To calculate metrics in batch jobs you need to configure the metrics specifically for your event data in a configuration file for your schema. For a simple example you can take a look at metric-framework/conf/socialnet7_metrics.json which is setup to run for the default simulated data file. The configuration is a set of named objects where the key is the name of the metric that will be created (the name to be entered in the table metric_name in the database) and the value is an object containing key/value pairs that are the bind variables for the SQL. Here is an example from the socialnet7 configuration:

    "date_range": {
        "from_date" :"2019-02-04",
        "to_date" : "2019-05-06"
    },,
	"event_properties" : [],
	"account_tenure": {
	    "sql" : "metric_tenure"
	},
	"post_per_month": {
		"event_id":  0,
		"fun" : "count(*)",
		"measwin" : 8,
		"quotwin" : 4,
		"minten" : 2,
		"sql" : "metric_over_period_tenscale"
	}

The entire configuration is a JSON of name/value pairs that is loaded as a dictionary in Python. Each name maps to another object which contains additional name/value pairs.

The first object in the configuration is a named date_range which contains the start and end dates for the metrics to be calculated as from_date and to_date.

The second object is a list of properties that are in the event table - these will be included in the Event QA (described above) if there are any. (In the future there will be a simulated data set with event properties, but not yet...)

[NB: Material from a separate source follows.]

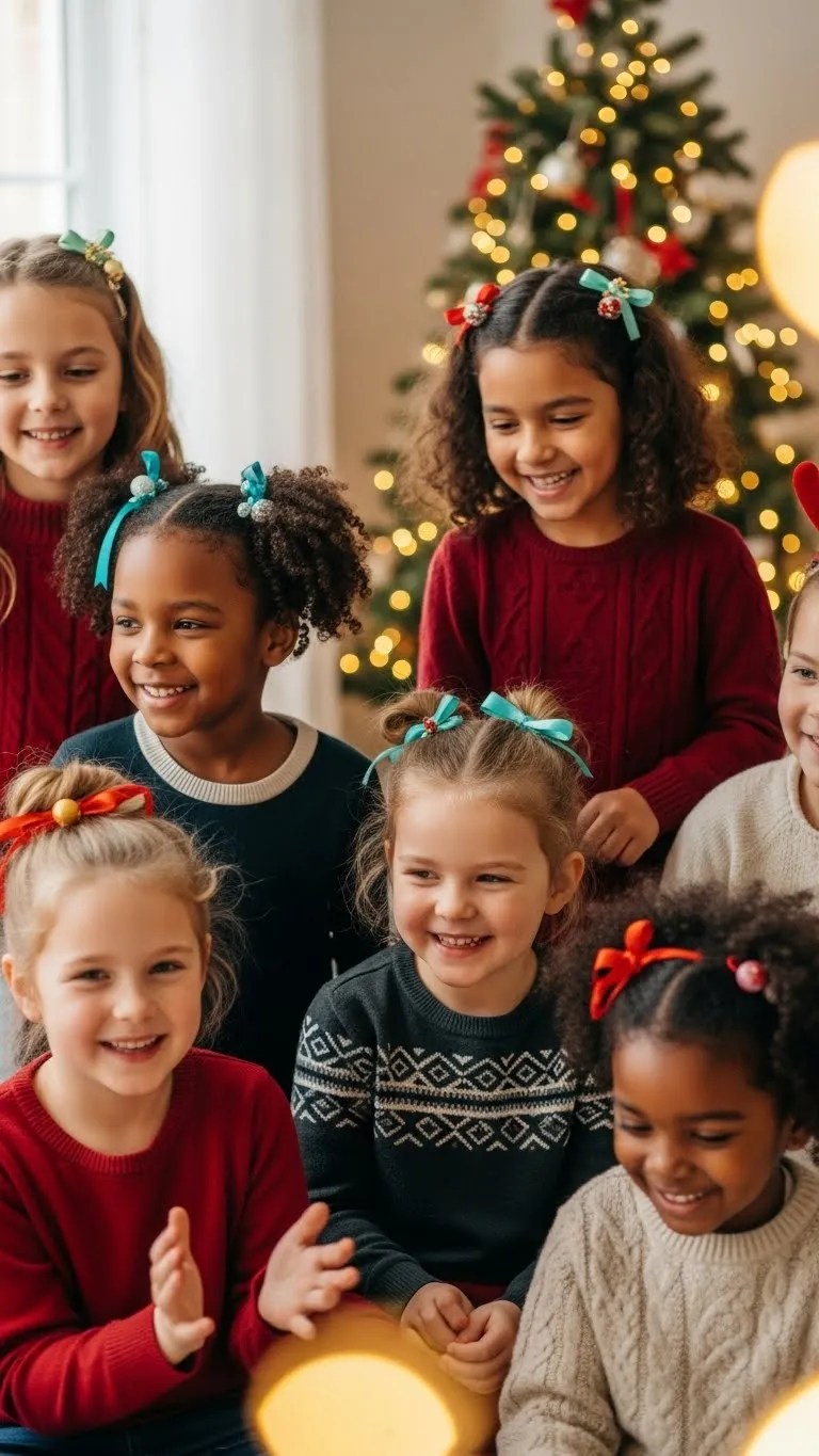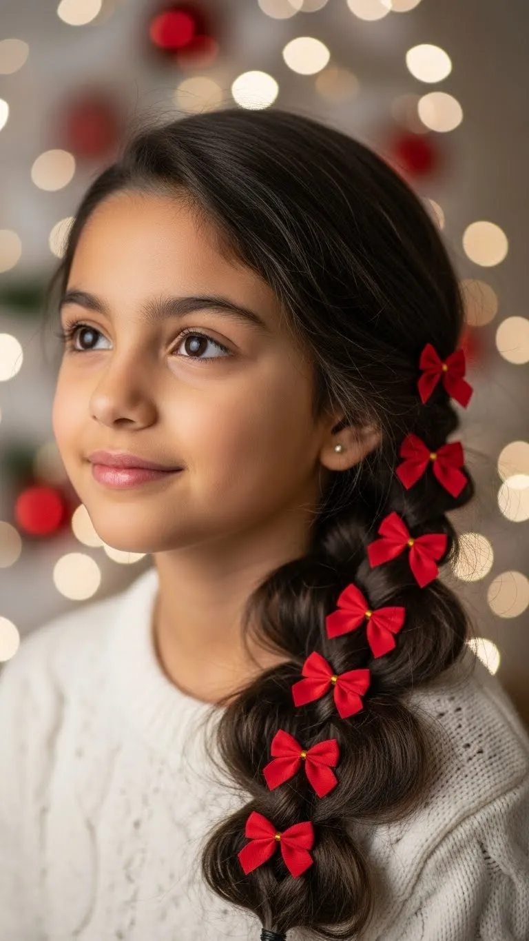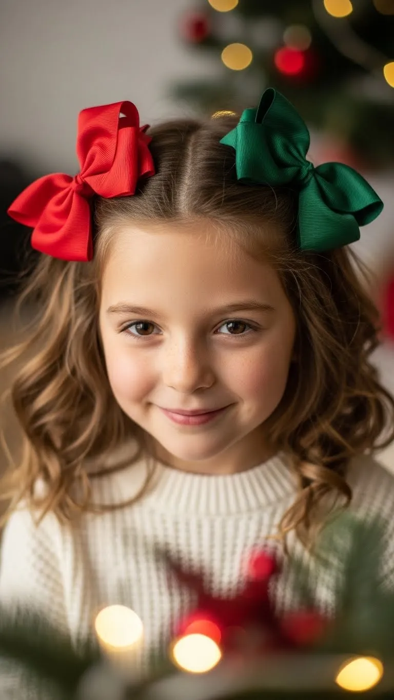 Bow clips instantly add holiday spirit. Simply clip festive bows on either side of the head. Works with any hair length or style. This style is quick, taking less than two minutes, and avoids the need for complex styling. Budget-friendly tip: buy packs of inexpensive bows or make DIY bows with ribbon scraps. Kids can help choose the bow colors, making styling fun and interactive.

The third object is an example of a no-parameter metric, account_tenure (described in Chapter 3 of the book). The only parameter in the object is the sql parmeter which indicates which SQL file (in metric-framework/sql) is run to make the metric calculation.

The second object in the example configuration is a metric that has multiple parameters. This configuration will create a metric named "post_per_month". The sql parameter in the configuration object indicates which specific SQL to execute in order to create the metric : in this case it is the sql metric-framework/sqls/metric_over_period_tenscale.sql.
The other fields in the configuration object will all be matched to bind variables in the SQL.

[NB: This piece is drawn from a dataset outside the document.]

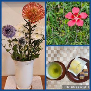 ストアーのお花売場で青紫のボンボン玉の花に目が留まり、さっそく一緒に購入した花と花瓶に活けました✨️ ⬅️ ❇️エキノプス 真っ直ぐに伸びた茎の上に、丸いボール状の花を咲かせる。その花色が深い紫がかった青であることから、ルリ(瑠璃)タマアザミという名前がついている。 ❇️ピンクッション ❇️コギク(白) ↗️ ❇️モミジアオイ 散歩で出合った花です。我が家はまだ咲いていません。 りんさんの 🏷️和菓子の日 に初めて参加します🙋♀️ 本来は「和菓子に見えるお花」の意なのかな?🤔 和菓子🍡そのもののpicです😅 ↘️ ✴️かすたどん、芋しゃり羊羮、緑茶 お茶タイム🍵 お菓子は、蒸気屋のです。かすたどんは、孫たちは夏には、冷凍して食べてますね😋 芋しゃり羊羮は、佐賀の小城羊羹に似た形状で、3色のさつま芋でできたお菓子。1袋小さな羊羮9本入り。 かなり甘いので、1本を4等分して、1口サイズにすると見た目が綺麗です✨️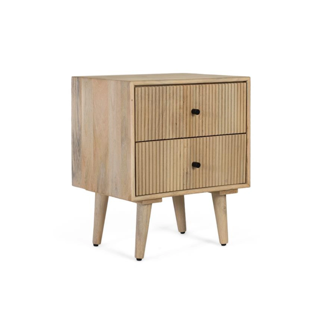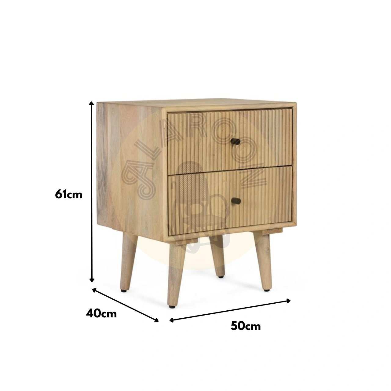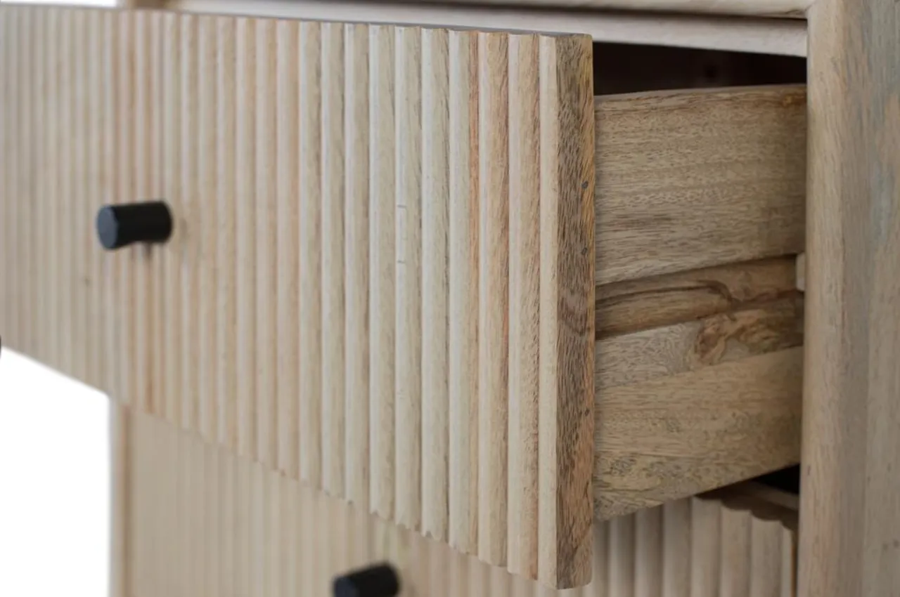 Fabricada en madera maciza de mango, esta mesita presenta un acabado en tono natural claro que realza la veta y aporta una estética cálida y atemporal. Su diseño destaca por el frontal acanalado de los cajones, un detalle decorativo que añade textura y un estilo nórdico muy actual.

Each metric you create requires one configuration and the easiest way to create them is copy/paste and then modify the existing configurations. For more examples of metric configurations (the socialnet7 only has one example repeated) look at the other sample file metric-framework/conf/x_metrics.json. (Unless you really need to make a lot - then its not so easy to make them manually and you should spend some time automating that process as well. Maybe that will be a future feature in this framework...)

3.2.3 Running Metric Calculations

Once you have configured metrics (or if you are using the default socialnet7) you calculate the metrics with the metric-framework/metric_calc.py. You create a configuration for this script as described in Section 1.2.2.4 of this README. If you run the default configuration you should see this in your terminal (or the "Run" window in PyCharm):

/Users/cgold/projects/ChurnBook/fight-churn/venv/bin/python /Users/cgold/projects/ChurnBook/fight-churn/metric-framework/py/metric_calc.py
TRUNCATING *Metrics* in schema -> socialnet7 <-  ...
are you sure? (enter socialnet7 to proceed)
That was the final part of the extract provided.